_AIM OF THE EXERCISE_.
If a record holds a picture, drop the picture and return the rest of the record word for word.

BEGIN INPUT FOR THIS TASK

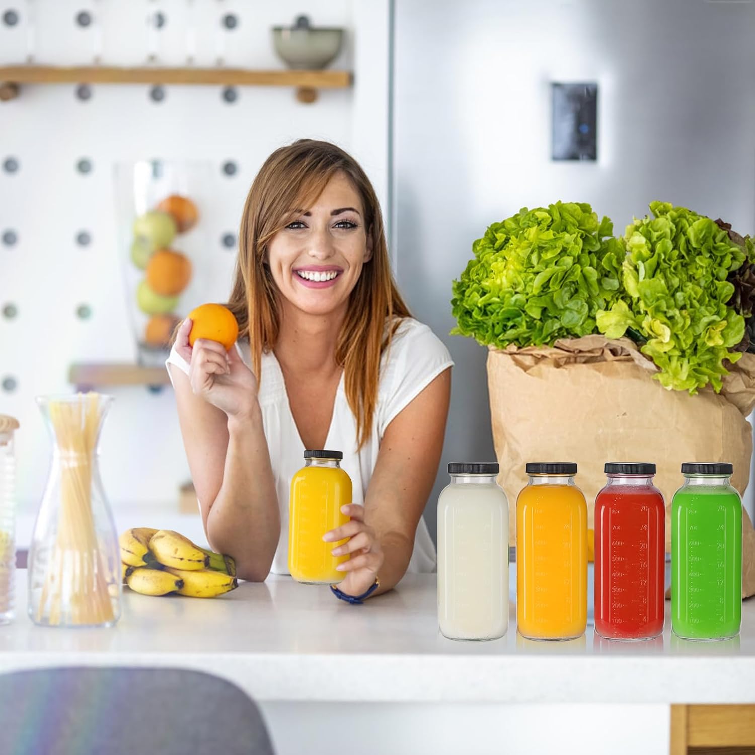 - Complete Set: 4 pack 32 oz square glass bottles with reusable BPA-free plastic lids; includes 1 soft sponge brush for scratch-free cleaning; 6 color-coded labels for quick content; secured with shock-absorbing foam packaging for safe delivery
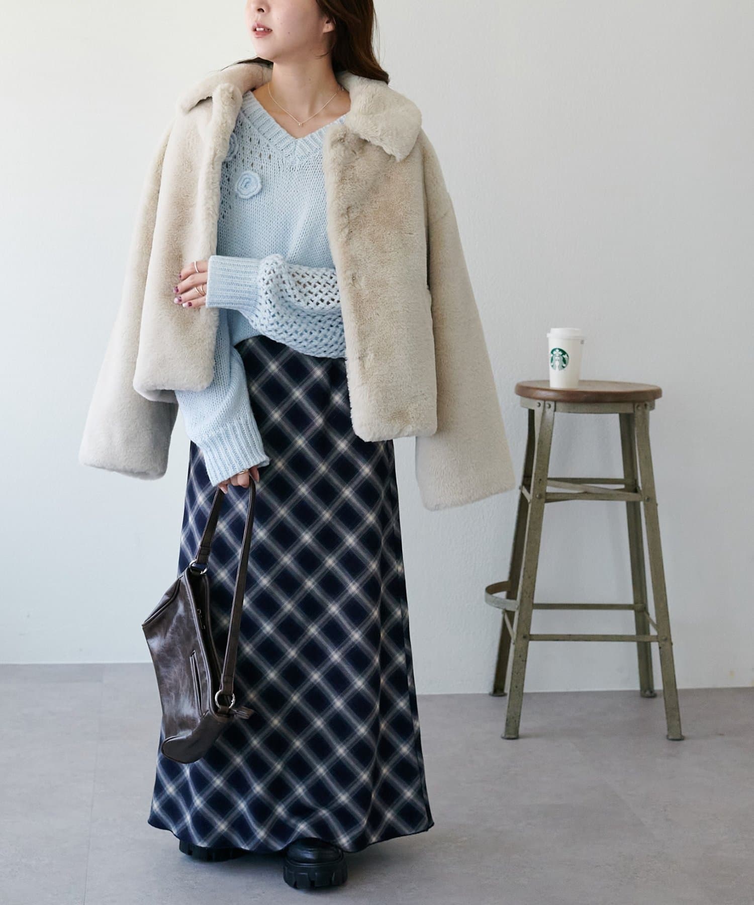 1枚で主役になるデザインなので、シンプルなボトムスと合わせるだけでも雰囲気のあるスタイリングが完成します◎
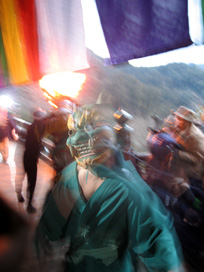 日がとっぷりと暮れてからも、3匹の鬼と松明と消火班の鬼ごっこは延々と続きました…… |
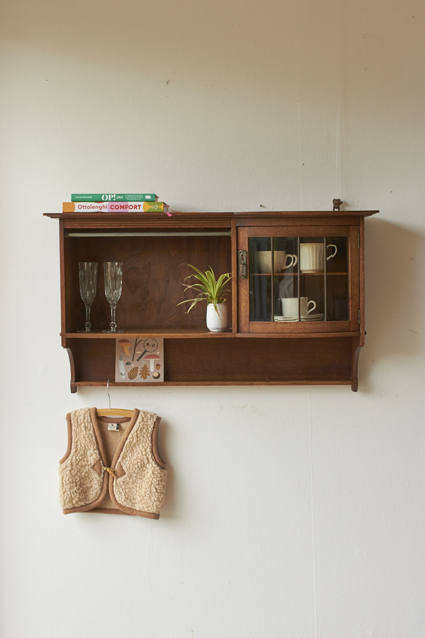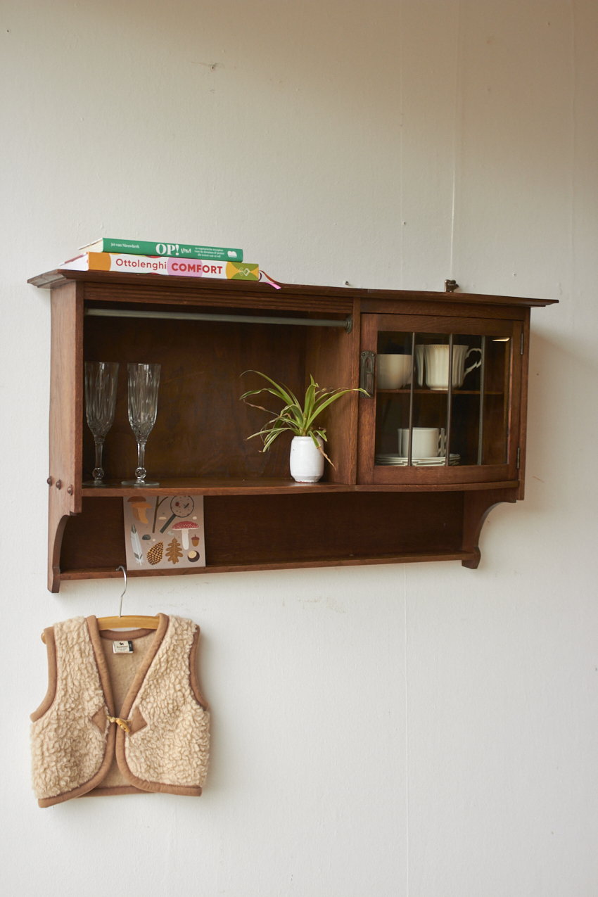 Dit specifieke hangkastje heeft prachtig geslepen vintage glas, oh wat zal deze leuk staan in de keuken, daaronder kunnen potjes kruiden bijvoorbeeld, of toch voor op de kinderkamer. Elk hangkastje is goed schoongemaakt, behandeld tegen houtworm en gerepareerd waar nodig. En nu is hij weer helemaal klaar voor een nieuwe plek! Elk stuk is uniek, met een eigen karakter en een flinke dosis gezelligheid.
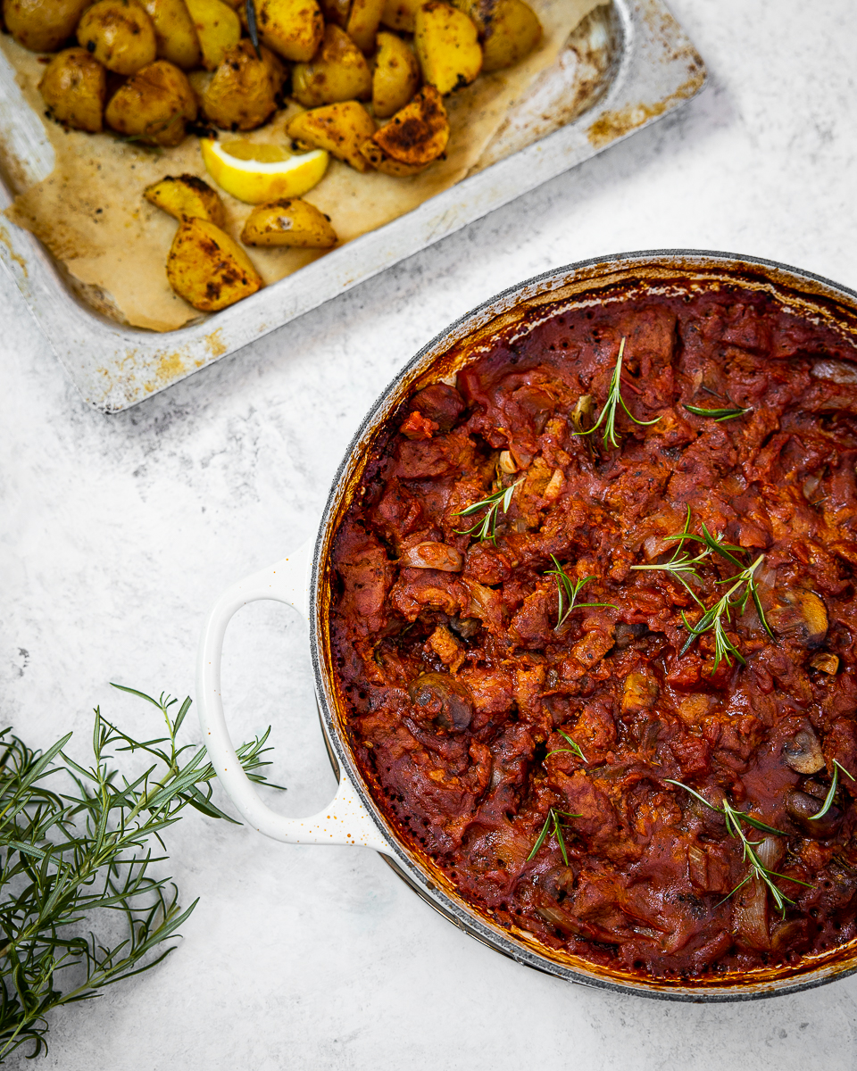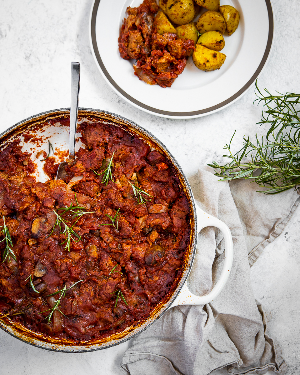 Punaviinillä ja rosmariinilla maustettu seitan sopii täydellisesti pääsiäispöytään!

END INPUT FOR THIS TASK

_REPLY TO THE TASK_.
 - Complete Set: 4 pack 32 oz square glass bottles with reusable BPA-free plastic lids; includes 1 soft sponge brush for scratch-free cleaning; 6 color-coded labels for quick content; secured with shock-absorbing foam packaging for safe delivery
 1枚で主役になるデザインなので、シンプルなボトムスと合わせるだけでも雰囲気のあるスタイリングが完成します◎
 日がとっぷりと暮れてからも、3匹の鬼と松明と消火班の鬼ごっこは延々と続きました…… |
 Dit specifieke hangkastje heeft prachtig geslepen vintage glas, oh wat zal deze leuk staan in de keuken, daaronder kunnen potjes kruiden bijvoorbeeld, of toch voor op de kinderkamer. Elk hangkastje is goed schoongemaakt, behandeld tegen houtworm en gerepareerd waar nodig. En nu is hij weer helemaal klaar voor een nieuwe plek! Elk stuk is uniek, met een eigen karakter en een flinke dosis gezelligheid.
 Punaviinillä ja rosmariinilla maustettu seitan sopii täydellisesti pääsiäispöytään!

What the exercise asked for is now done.